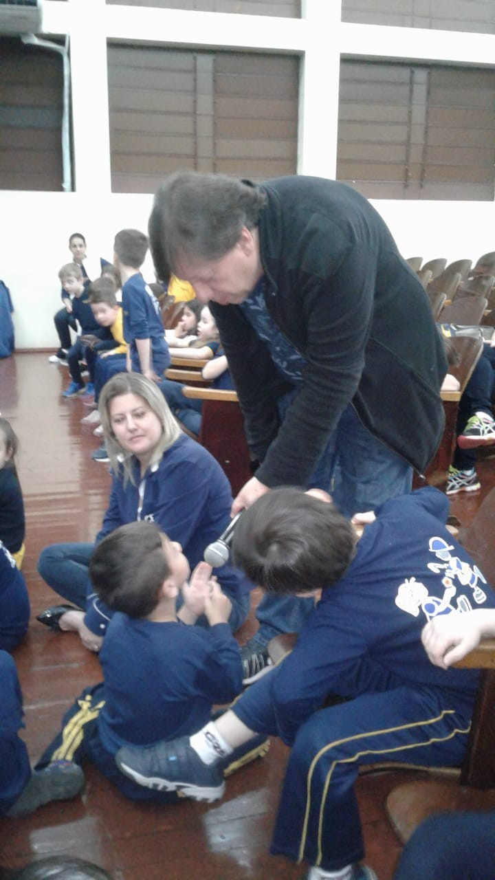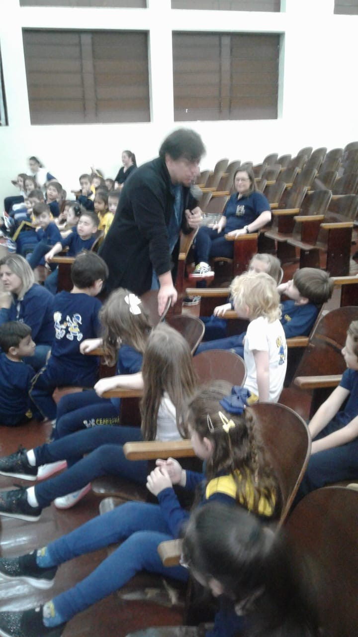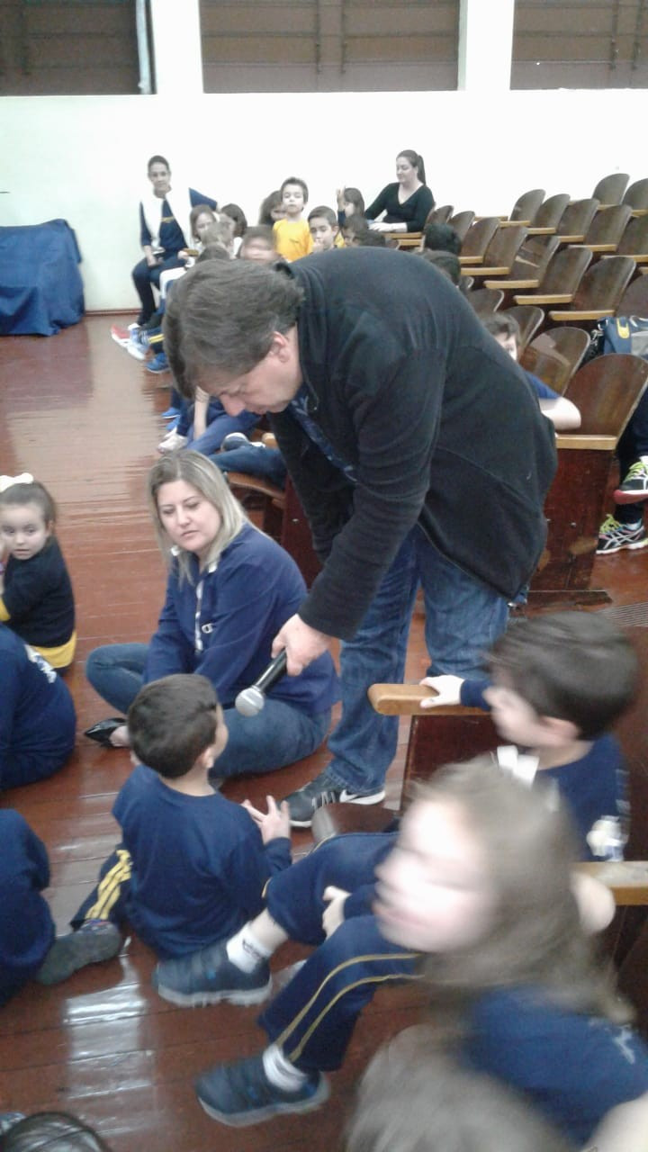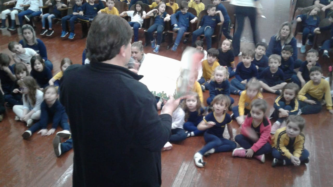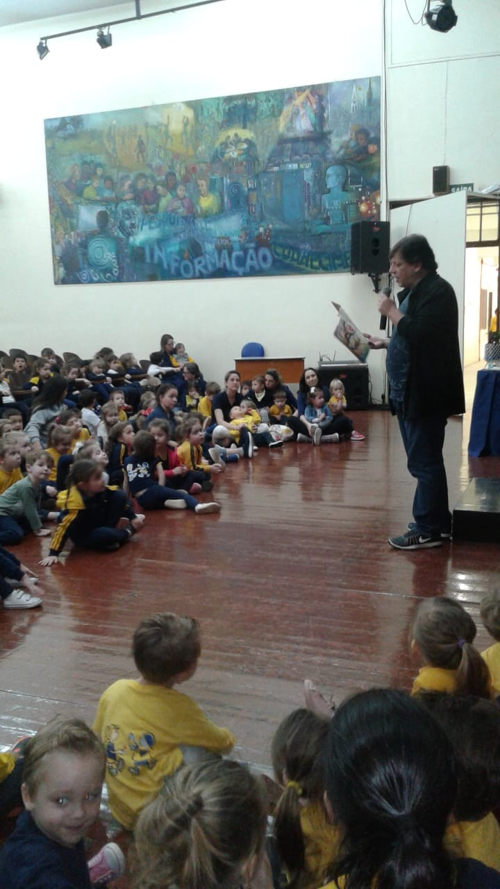 Em visita a escola o autor Leo Cunha, destinou um tempo para estar com os pequenos do CEAPzinho. Além de contar histórias e conversar com eles no auditório, fez questão de visitar e conferir de pertinho o trabalho da Mostra Pedagógica desenvolvido a partir da leitura de suas obras.
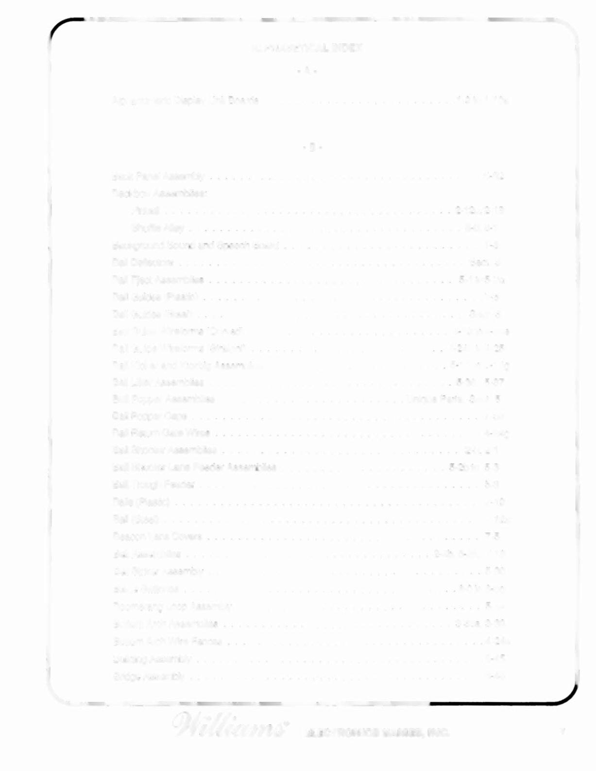 Ball Shooter Lane Feeder Assemblies . . . . . . . . . . . . . . . . . . . . . 5-2b to 5-3
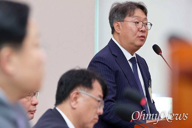 | ▲ 증언대에 선 방용철 전 쌍방울그룹 부회장 방용철 전 쌍방울그룹 부회장이 14일 서울 여의도 국회에서 열린 '윤석열 정권 정치검찰 조작기소 의혹 사건 진상규명 국정조사'에 증인으로 출석해 답변하고 있다. |
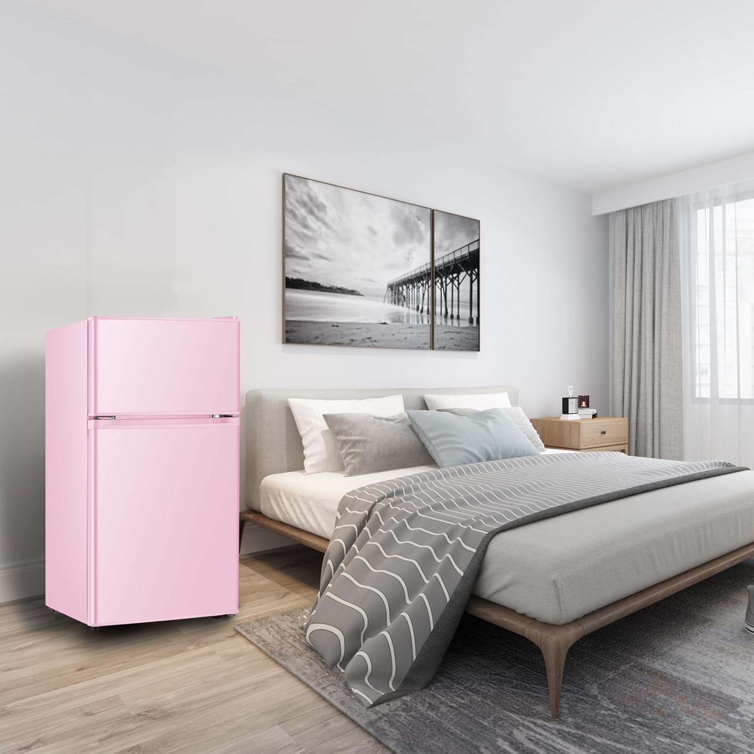 Mini Fridge With Freezer,3.2 Cu.Ft Compact Refrigerator,Mini Refrigerator With 2 Doors For Bedroom,Office,Kitchen,Apartment,Dorm(pink)
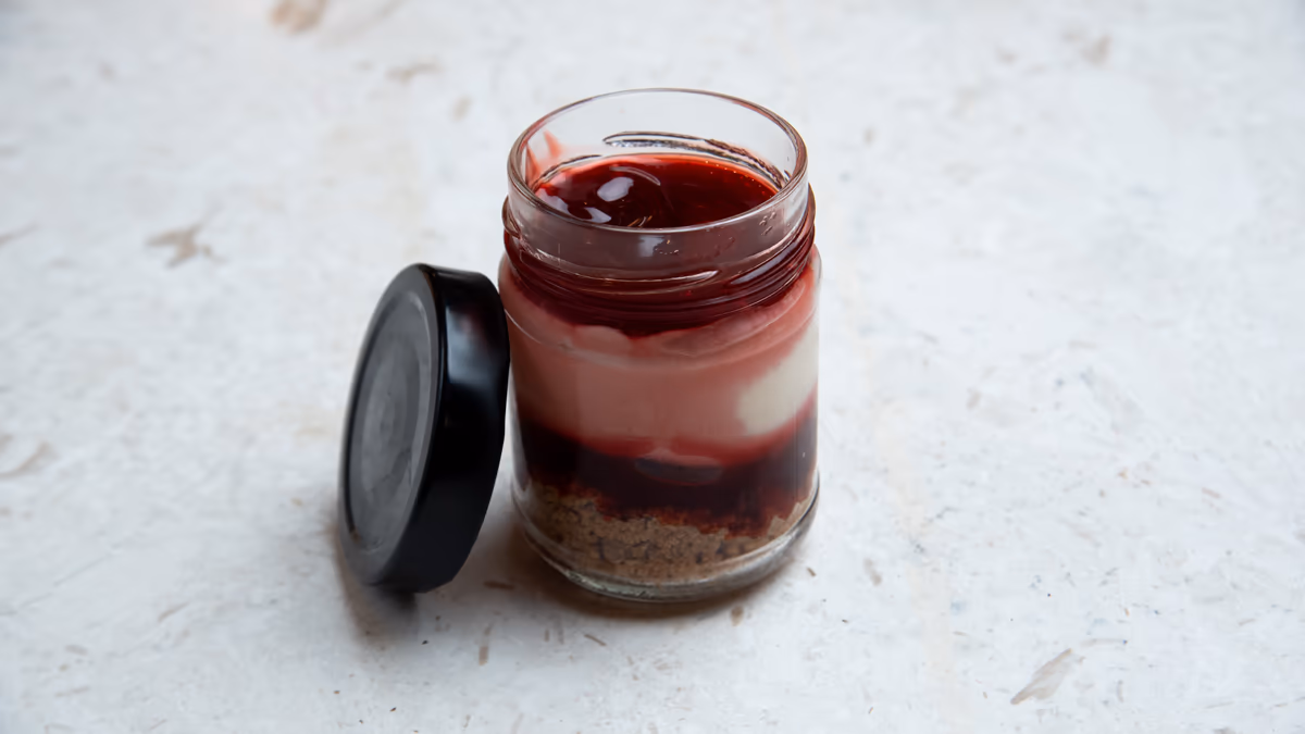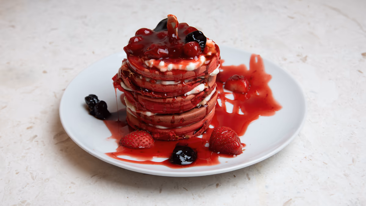 Με κρέμα cheesecake, φρούτα του δάσους, φρέσκες φράουλες και σιρόπι βύσσινο
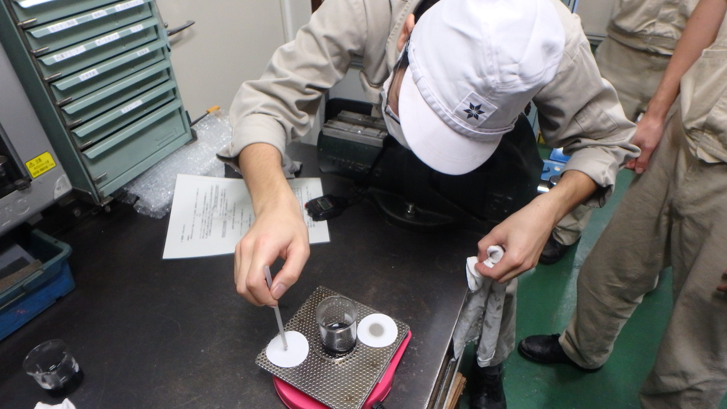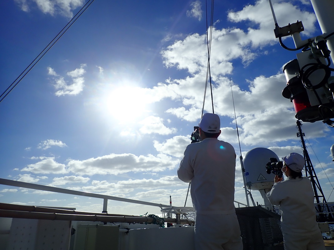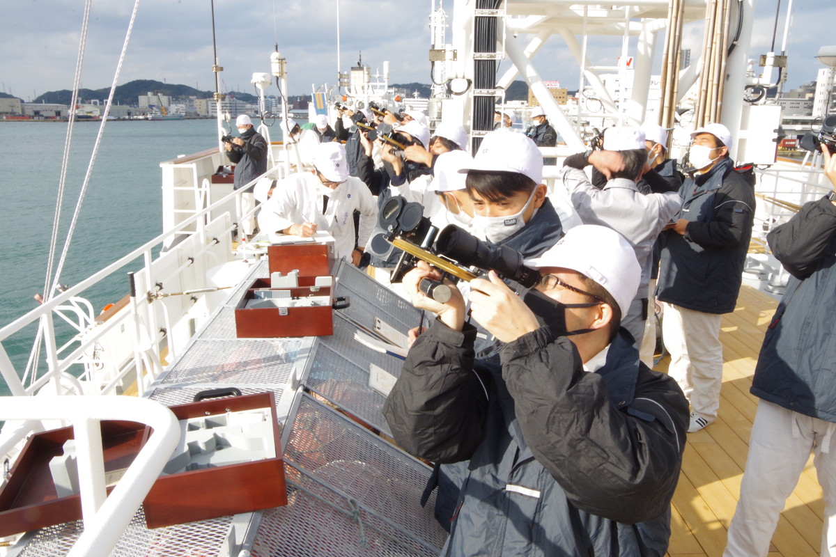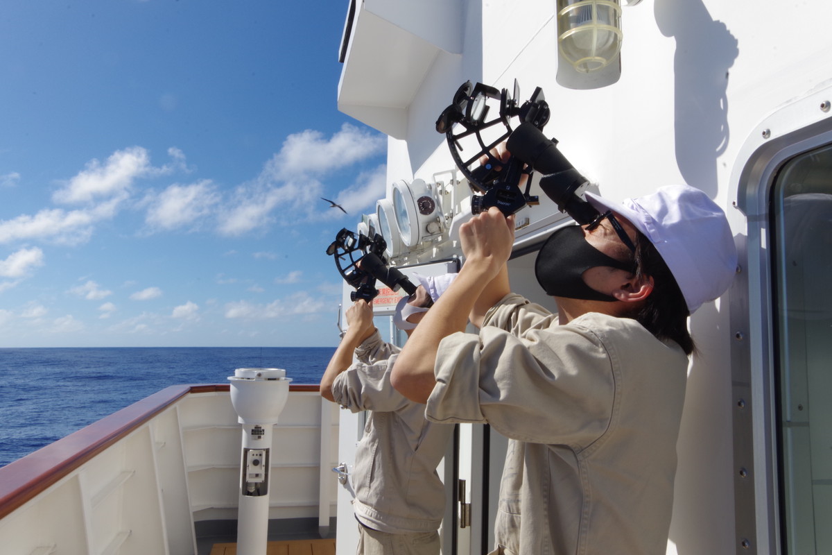 天測実習。太陽の高度を測定し自船位置を決定しました。

=== What to do ===
Beginning with the line that holds "출석해 답변하고 있다. |", output each line to the end of the material above, exactly, omitting the pictures.

=== Answer to the problem ===
 | ▲ 증언대에 선 방용철 전 쌍방울그룹 부회장 방용철 전 쌍방울그룹 부회장이 14일 서울 여의도 국회에서 열린 '윤석열 정권 정치검찰 조작기소 의혹 사건 진상규명 국정조사'에 증인으로 출석해 답변하고 있다. |
 Mini Fridge With Freezer,3.2 Cu.Ft Compact Refrigerator,Mini Refrigerator With 2 Doors For Bedroom,Office,Kitchen,Apartment,Dorm(pink)
 Με κρέμα cheesecake, φρούτα του δάσους, φρέσκες φράουλες και σιρόπι βύσσινο
 天測実習。太陽の高度を測定し自船位置を決定しました。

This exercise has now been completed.